| layout | default |
|---|---|
| title | Chapter 2: Datascript Deep Dive |
| nav_order | 2 |
| has_children | false |
| parent | Athens Research Knowledge Graph |
Welcome to Chapter 2: Datascript Deep Dive. In this part of Athens Research: Deep Dive Tutorial, you will build an intuitive mental model first, then move into concrete implementation details and practical production tradeoffs.
Understanding the in-memory graph database that powers Athens Research
By the end of this chapter, you'll understand:
- Datascript's core concepts and architecture
- Datalog query patterns for graph traversal
- Transaction semantics and data consistency
- Performance characteristics and optimization strategies
- Integration patterns with ClojureScript applications
Datascript is an implementation of Datomic's principles for the client-side:
;; Datascript connection
(require '[datascript.core :as d])
;; Create database
(def conn (d/create-conn {}))
;; Add data
(d/transact! conn [{:db/id -1
:block/uuid #uuid "12345678-1234-1234-1234-123456789012"
:block/string "Machine learning fundamentals"
:block/order 0}])
;; Query data
(d/q '[:find ?e ?content
:where [?e :block/string ?content]]
@conn)Key characteristics:
- Immutable database: Every transaction creates a new database value
- Datalog queries: Declarative query language for pattern matching
- ACID transactions: Atomic, consistent, isolated, durable operations
- Entity-Attribute-Value model: Flexible schema-less data model
graph TD
subgraph "Application Layer"
A[ClojureScript App]
B[Re-frame Events]
end
subgraph "Datascript Layer"
C[Connection]
D[Database Value]
E[Transaction Log]
F[Indexes]
end
subgraph "Storage Layer"
G[In-Memory Store]
H[Persistence Layer]
I[File System]
end
A --> C
B --> C
C --> D
C --> E
D --> F
E --> F
D --> G
G --> H
H --> I
Datascript uses the EAV model where all data is represented as triples:
;; EAV Triple: [Entity, Attribute, Value]
;; Block entity
[:block/uuid :block/string "Machine learning fundamentals"]
[:block/uuid :block/order 0]
[:block/uuid :block/children [:block/uuid-child1 :block/uuid-child2]]
;; Page entity
[:page/uuid :page/title "Machine Learning"]
[:page/uuid :page/blocks [:block/uuid1 :block/uuid2]]
;; Reference entity
[:reference/id :reference/from :block/uuid1]
[:reference/id :reference/to "Machine Learning"]Entities are identified by unique IDs:
;; Auto-generated IDs
(d/transact! conn [{:block/string "New block"}])

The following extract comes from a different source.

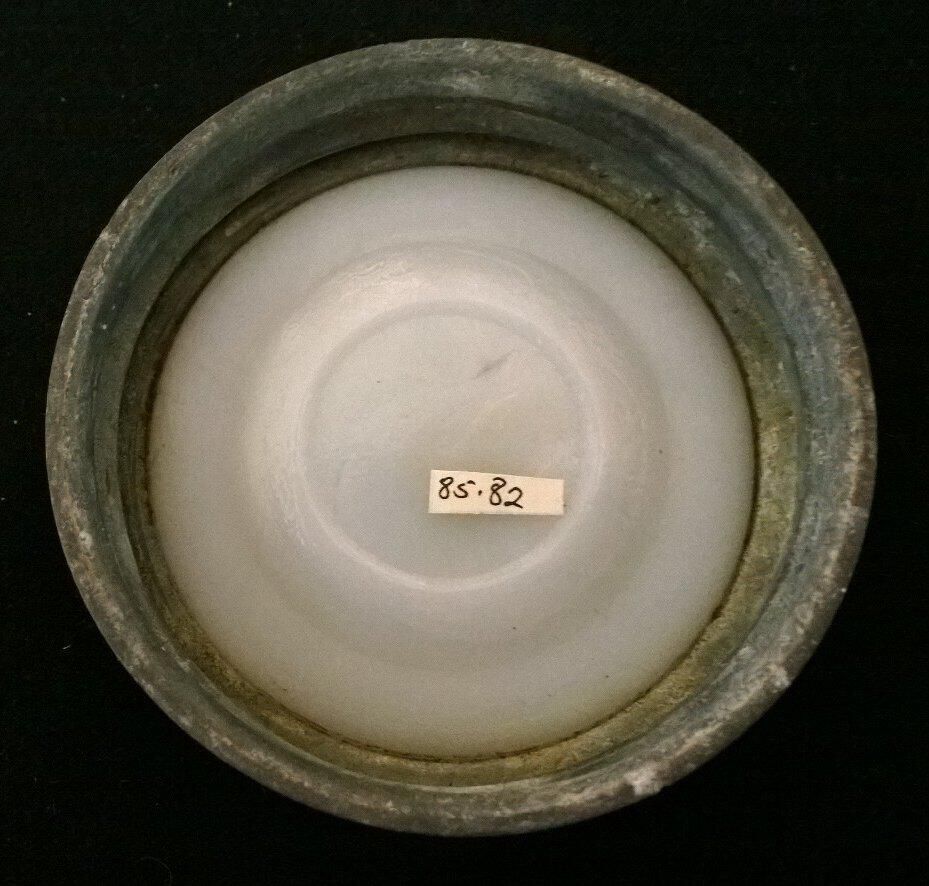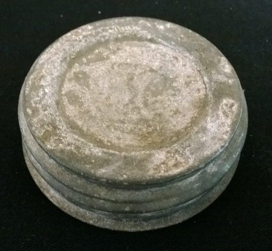 Zinc and glass lid for a canning jar. The gray lid has female threads to fit onto the male threads of a mason jar. There are 1" and 2" concentric circles impressed on the top. The inside of the lid has a white milk glass liner. The liner has a 1.25" circle in the center and a 1.75" protrusion in the glass. the zinc is corroded with accretions/powdery white spots. The sealing edge has a slight red coloring possibly from contact with a rubber sealing gasket.Lexicon

;; Creates entity with auto-generated ID like 12345
;; Explicit IDs
(d/transact! conn [{:db/id 1001
:block/string "Block with explicit ID"}])
;; Temporary IDs for references
(d/transact! conn [{:db/id -1
:block/string "Parent block"
:block/children -2}
{:db/id -2
:block/string "Child block"}])Attributes define the schema and behavior:
;; Attribute definitions
(def block-schema
{:block/uuid {:db/unique :db.unique/identity
:db/type :db.type/uuid}
:block/string {:db/type :db.type/string}
:block/order {:db/type :db.type/long}
:block/children {:db/type :db.type/ref
:db/cardinality :db.cardinality/many}
:block/refs {:db/type :db.type/ref
:db/cardinality :db.cardinality/many}})
;; Create connection with schema
(def conn (d/create-conn block-schema))Datalog queries find patterns in the data:
;; Find all blocks
(d/q '[:find ?e ?content
:where [?e :block/string ?content]]
@conn)
;; Find blocks with specific content
(d/q '[:find ?e
:where [?e :block/string "Machine learning fundamentals"]]
@conn)
;; Find blocks by UUID
(d/q '[:find ?content
:in $ ?uuid
:where [?e :block/uuid ?uuid]
[?e :block/string ?content]]
@conn
#uuid "12345678-1234-1234-1234-123456789012")Queries can join across relationships:
;; Find child blocks of a parent
(d/q '[:find ?child-content
:in $ ?parent-uuid
:where [?parent :block/uuid ?parent-uuid]
[?parent :block/children ?child]
[?child :block/string ?child-content]]
@conn
#uuid "parent-uuid")
;; Find all references in a block
(d/q '[:find ?ref-text
:in $ ?block-uuid
:where [?block :block/uuid ?block-uuid]
[?block :block/refs ?ref]
[?ref :reference/text ?ref-text]]
@conn
#uuid "block-uuid");; Find blocks with their children (recursive)
(d/q '[:find ?parent-content (pull ?parent [:block/children])
:where [?parent :block/string ?parent-content]
[_ :block/children ?parent]]
@conn)
;; Find pages with block counts
(d/q '[:find ?page-title (count ?blocks)
:where [?page :page/title ?page-title]
[?page :page/blocks ?blocks]]
@conn)
;; Complex graph traversal - find connected concepts
(d/q '[:find ?connected-title
:in $ ?start-concept
:where [?start :page/title ?start-concept]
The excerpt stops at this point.